For the nine months ended September 30, 2025, cash used in operating activities of $107,570 resulted from a net loss of $1,706,736, adjustments for share-based compensation of $1,292,962, gain on settlement of accounts payable of $3,800, loss on conversion of related party debt of $23,282, loss on conversion of mezzanine equity of $68,175, and a net increase of $218,547 in the components of working capital. The change in the components of working capital was primarily due to an increase in accounts payable and accrued expenses and a decrease in inventory.

For the nine months ended September 30, 2024, cash used in operating activities of $98,158 resulted from a net loss of $1,181,918, adjustments for share-based compensation of $1,042,000, and a net increase of $41,760 in the components of working capital. The change in the components of working capital was due primarily to an increase in accounts payable, a decrease in inventory, and a decrease in settlement payable, with the remaining change attributable to normal operational fluctuations in current assets and current liabilities.

Cash Flows Provided by Financing Activities

Our financing activities consisted primarily of the sale of common stock, borrowings and repayments of debt, and contributed capital from related parties.

For the nine months ended September 30, 2025, cash provided by financing activities was $107,150 consisting of $90,000 in proceeds from the sale of common stock and contributed capital of $18,650, off set by repayments of a short-term loan - related party in the amount of $1,500.

For the nine months ended September 30, 2024, cash provided by financing activities was $60,300 consisting of $46,000 in proceeds from convertible notes payable, $7,300 in proceeds from the sale of common stock, and contributed capital by related parties of $7,000.

Non-cash Financing Activities

Nine months ended September 30, 2025:

The Company issued 3,996,532 shares of common stock, with a fair value of $559,514, for the conversion of principal and accrued interest on notes payable in the amount of $99,759.

The Company issued 1,410,000 shares of common stock, with a fair value of $197,400, for the conversion of accrued salary in the amount of $211,000.

The Company issued 380,000 shares of common stock, with a fair value of $53,200, for the conversion of accounts payable in the amount of $57,000.

The Company issued 757,500 shares of common stock, with a fair value of $105,980, for the conversion of mezzanine equity in the amount of $37,875.

General

Historically, we have financed the Company through a combination of debt and equity transactions. To meet future capital requirements, we plan to raise additional capital through the sale of equity securities or through equity-linked or debt-financing arrangements, to the extent our operating cash flow is insufficient to fund our operations in future periods.

The sale of additional equity or debt securities may result in additional dilution to our shareholders.

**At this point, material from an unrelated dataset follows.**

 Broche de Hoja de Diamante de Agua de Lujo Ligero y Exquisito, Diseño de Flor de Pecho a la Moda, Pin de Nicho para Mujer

If we raise additional funds through the issuance of debt securities or preferred stock, these securities could have rights senior to those of our common stock and could contain covenants that would restrict our operations. Any such required additional capital may not be available on reasonable terms, if at all. If we were unable to obtain additional financing, we may be required to reduce the scope of, delay or eliminate some or all of our planned activities and limit our operations which could have a material adverse effect on our business, financial condition and results of operations.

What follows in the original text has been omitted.